• Work required
Every line below must be reproduced exactly; no pictures are to be included.

• Extracted data
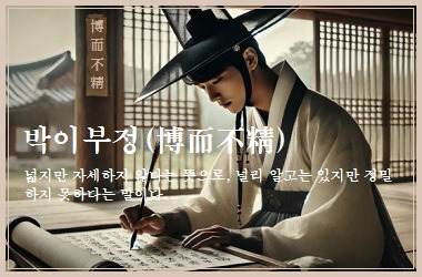 단순히 널리 아는 것만으로는 부족하며, 이를 깊이 파고들어 본질을 이해하는 능력이 필요합니다. "넓게 배우되 깊이 연구하라!" 이제 우리는 ‘박이부정’의 함정을 피하고, ‘박이구세(博而求精, 넓게 배우되 깊이 연구하는 태도)’를 실천하며 살아가야 할 것입니다.
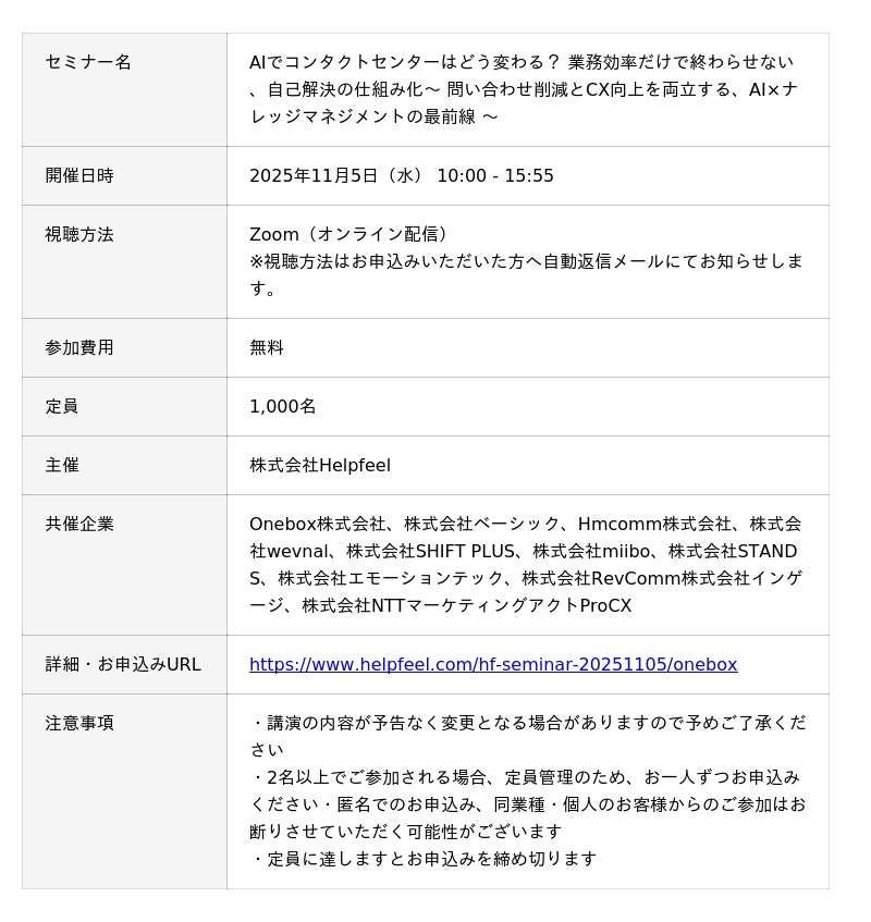 メール起点のDXツール『yaritori(ヤリトリ)』を提供するOnebox株式会社(本社:東京都渋谷区、代表取締役:奥村 恒太、以下:Onebox)は、2025年11月5日(水)に開催される株式会社Helpfeel(本社:京都府京都市、代表取締役/CEO:洛西 一周)主催のオンラインセミナー「AIでコンタクトセンターはどう変わる? 業務効率だけで終わらせない、自己解決の仕組み化」に共催企業として参加いたします。
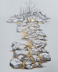 2021Pentekening met potlood ,oostindische inkt en goudverf. Deze is ingelijst te koop , maar mag niet met lijst op de site.
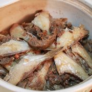 尖沙鱼、脱皮鱼、咸橄榄、姜、油。
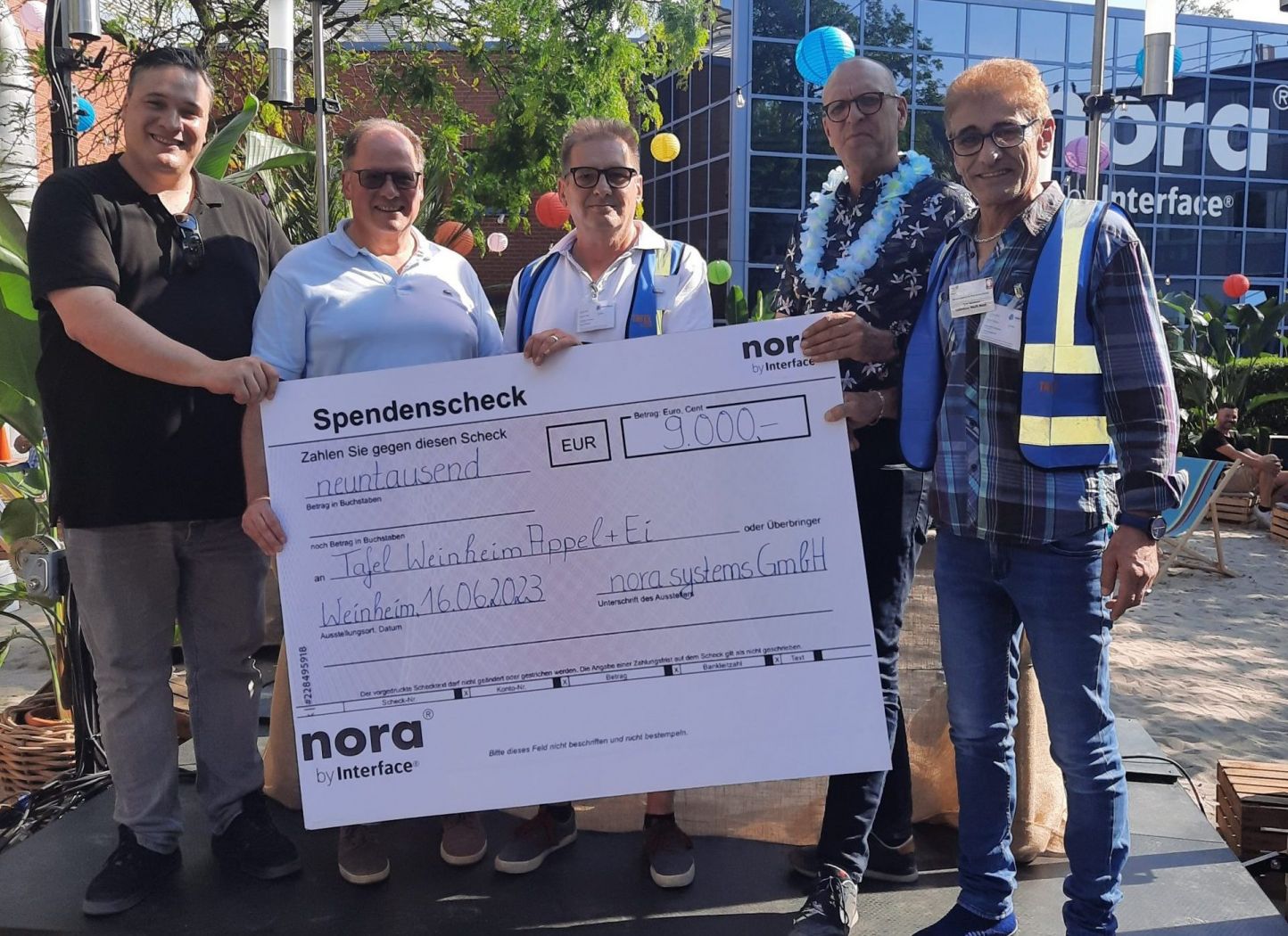 Mitarbeitende und Geschäftsführer von nora systems spenden 9.000 Euro an die Tafel Weinheim
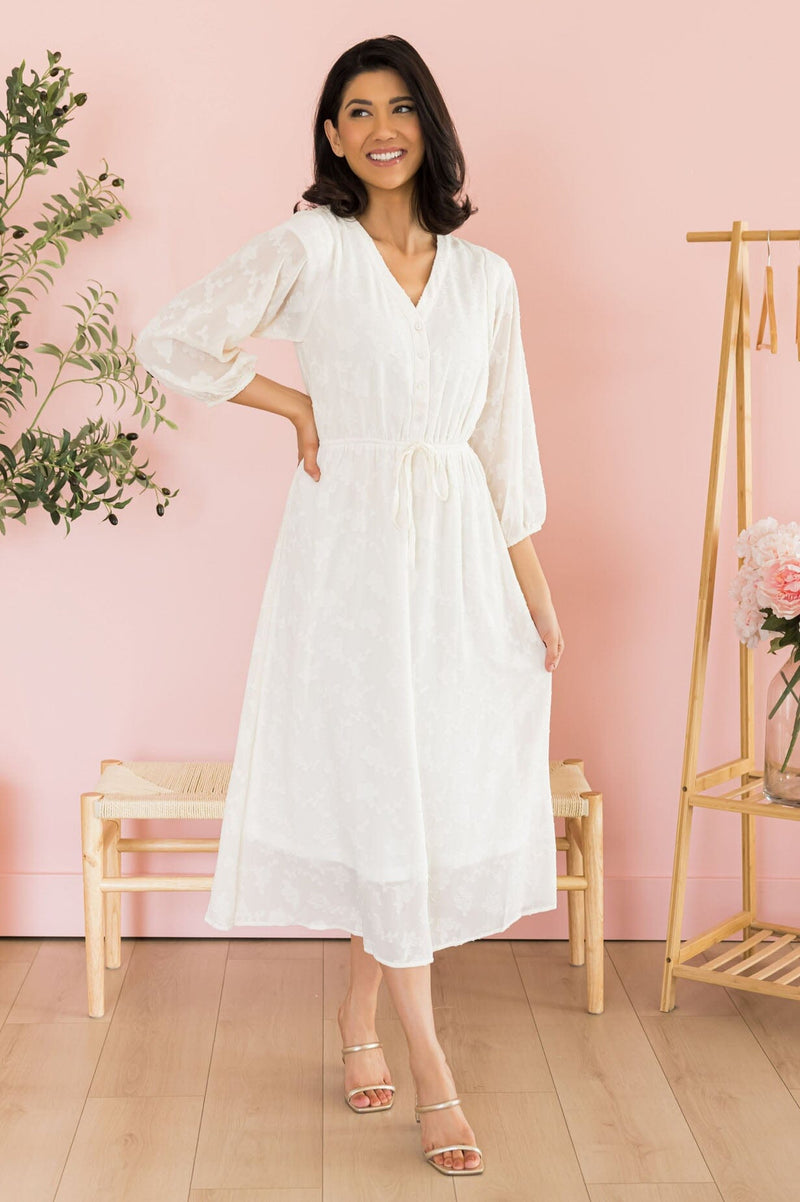 We are pleased to introduce you to our newest favorite dress! The Brinnella, it's so modest, flowy and feminine, the perfect addition to everyone's closet! Featuring the v-neckline functional button front bodice for our nursing mama's out there. Additional features include pretty textured fabric, quarter length sleeves, elastic waist with faux drawstring tie detail and the loveliest flowy skirt. Just say yes to the dress and get yours today!
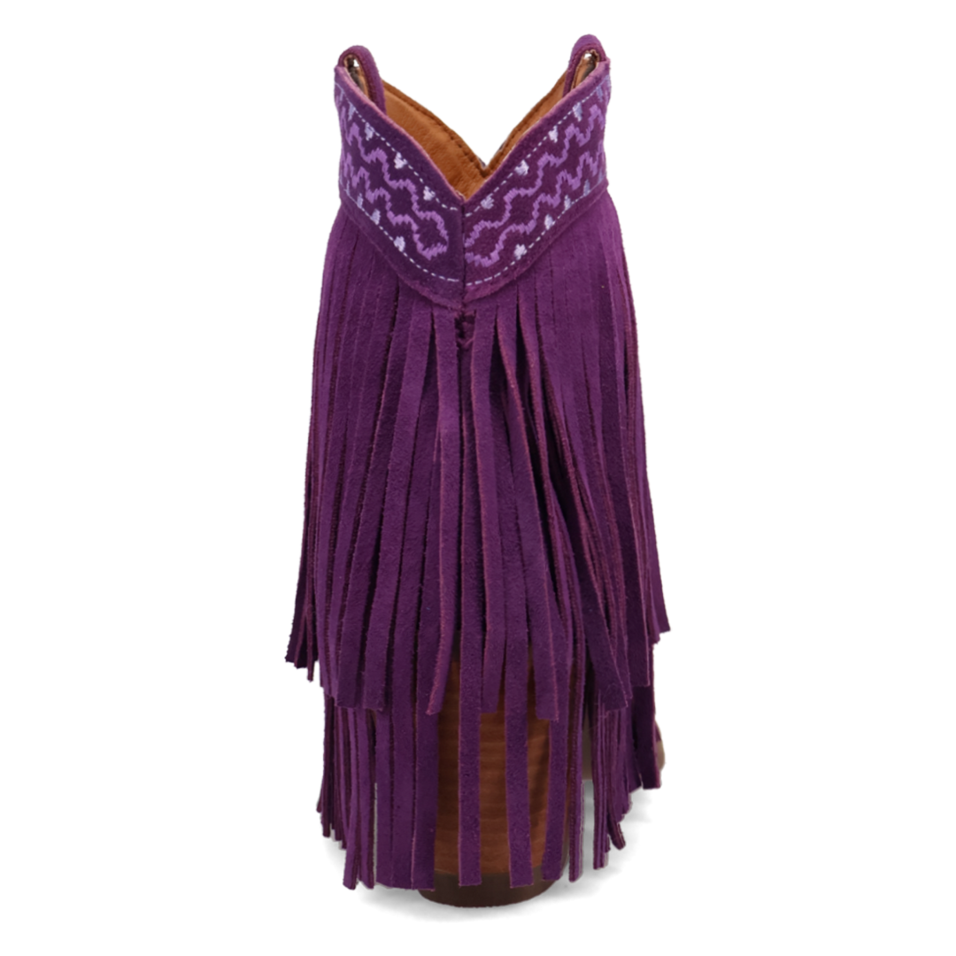 Be the talk of the town in these purple Dingo Tapadero booties! Our suede leather boots feature not one, but TWO layers of fringe, adding a touch of playful flair to any outfit. The intricate western-inspired embroidery wrapping around the ankle makes these booties perfect for any occasion. Preorder now before it's too late!
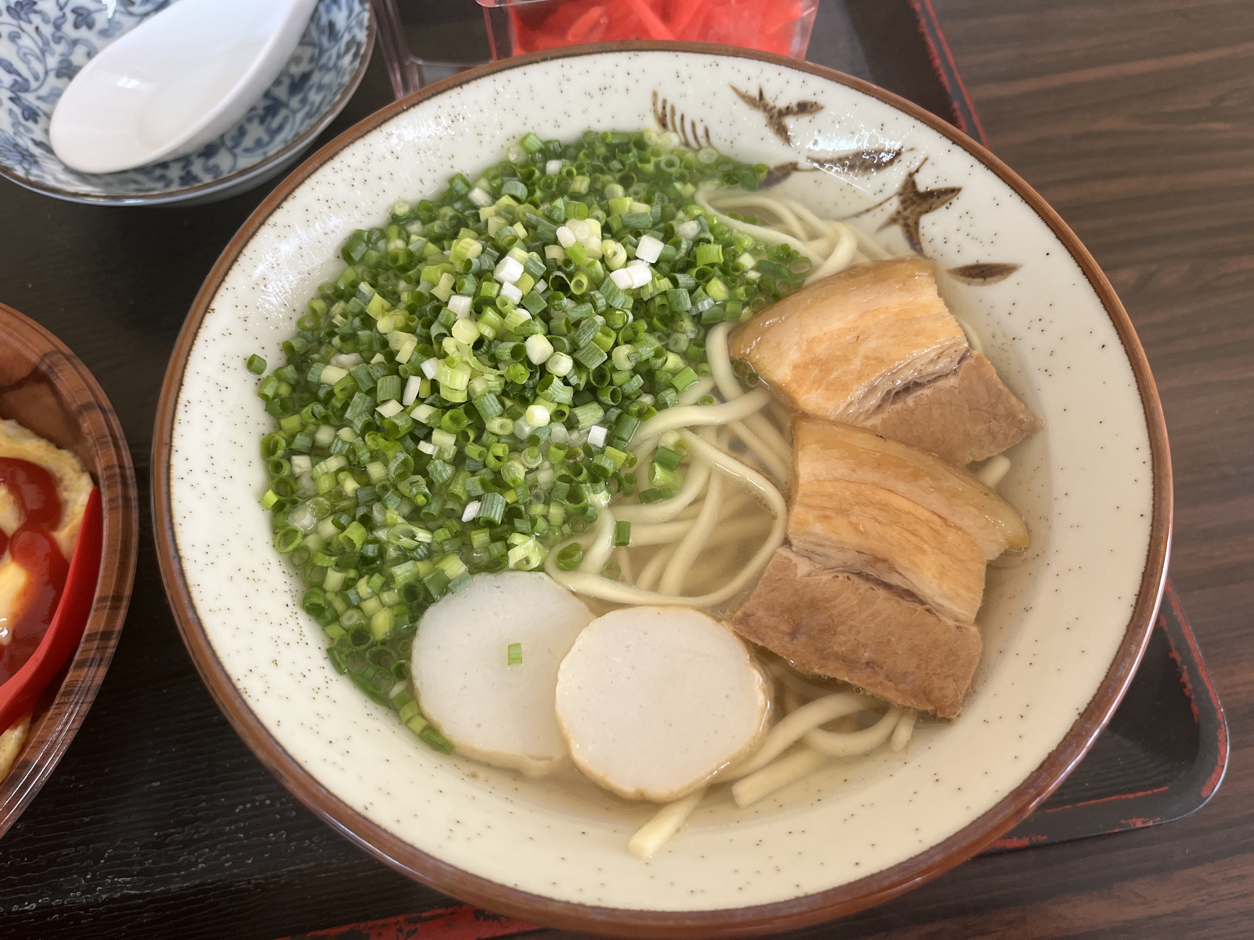 ごくごく飲めるあっさりスープと、喉越しが良い細麺が相性良くて、一気に完食しちゃいました。ミニオムライスも頼んだので、沖縄そばは、小(150g)にしたのですが、中(200g)でも良かったかもなぁ。そして三枚肉も好みの味でした。ちょい甘めの味付け。食感もちょい柔らかめで好きなヤツ。

• Expected answer
 단순히 널리 아는 것만으로는 부족하며, 이를 깊이 파고들어 본질을 이해하는 능력이 필요합니다. "넓게 배우되 깊이 연구하라!" 이제 우리는 ‘박이부정’의 함정을 피하고, ‘박이구세(博而求精, 넓게 배우되 깊이 연구하는 태도)’를 실천하며 살아가야 할 것입니다.
 メール起点のDXツール『yaritori(ヤリトリ)』を提供するOnebox株式会社(本社:東京都渋谷区、代表取締役:奥村 恒太、以下:Onebox)は、2025年11月5日(水)に開催される株式会社Helpfeel(本社:京都府京都市、代表取締役/CEO:洛西 一周)主催のオンラインセミナー「AIでコンタクトセンターはどう変わる? 業務効率だけで終わらせない、自己解決の仕組み化」に共催企業として参加いたします。
 2021Pentekening met potlood ,oostindische inkt en goudverf. Deze is ingelijst te koop , maar mag niet met lijst op de site.
 尖沙鱼、脱皮鱼、咸橄榄、姜、油。
 Mitarbeitende und Geschäftsführer von nora systems spenden 9.000 Euro an die Tafel Weinheim
 We are pleased to introduce you to our newest favorite dress! The Brinnella, it's so modest, flowy and feminine, the perfect addition to everyone's closet! Featuring the v-neckline functional button front bodice for our nursing mama's out there. Additional features include pretty textured fabric, quarter length sleeves, elastic waist with faux drawstring tie detail and the loveliest flowy skirt. Just say yes to the dress and get yours today!
 Be the talk of the town in these purple Dingo Tapadero booties! Our suede leather boots feature not one, but TWO layers of fringe, adding a touch of playful flair to any outfit. The intricate western-inspired embroidery wrapping around the ankle makes these booties perfect for any occasion. Preorder now before it's too late!
 ごくごく飲めるあっさりスープと、喉越しが良い細麺が相性良くて、一気に完食しちゃいました。ミニオムライスも頼んだので、沖縄そばは、小(150g)にしたのですが、中(200g)でも良かったかもなぁ。そして三枚肉も好みの味でした。ちょい甘めの味付け。食感もちょい柔らかめで好きなヤツ。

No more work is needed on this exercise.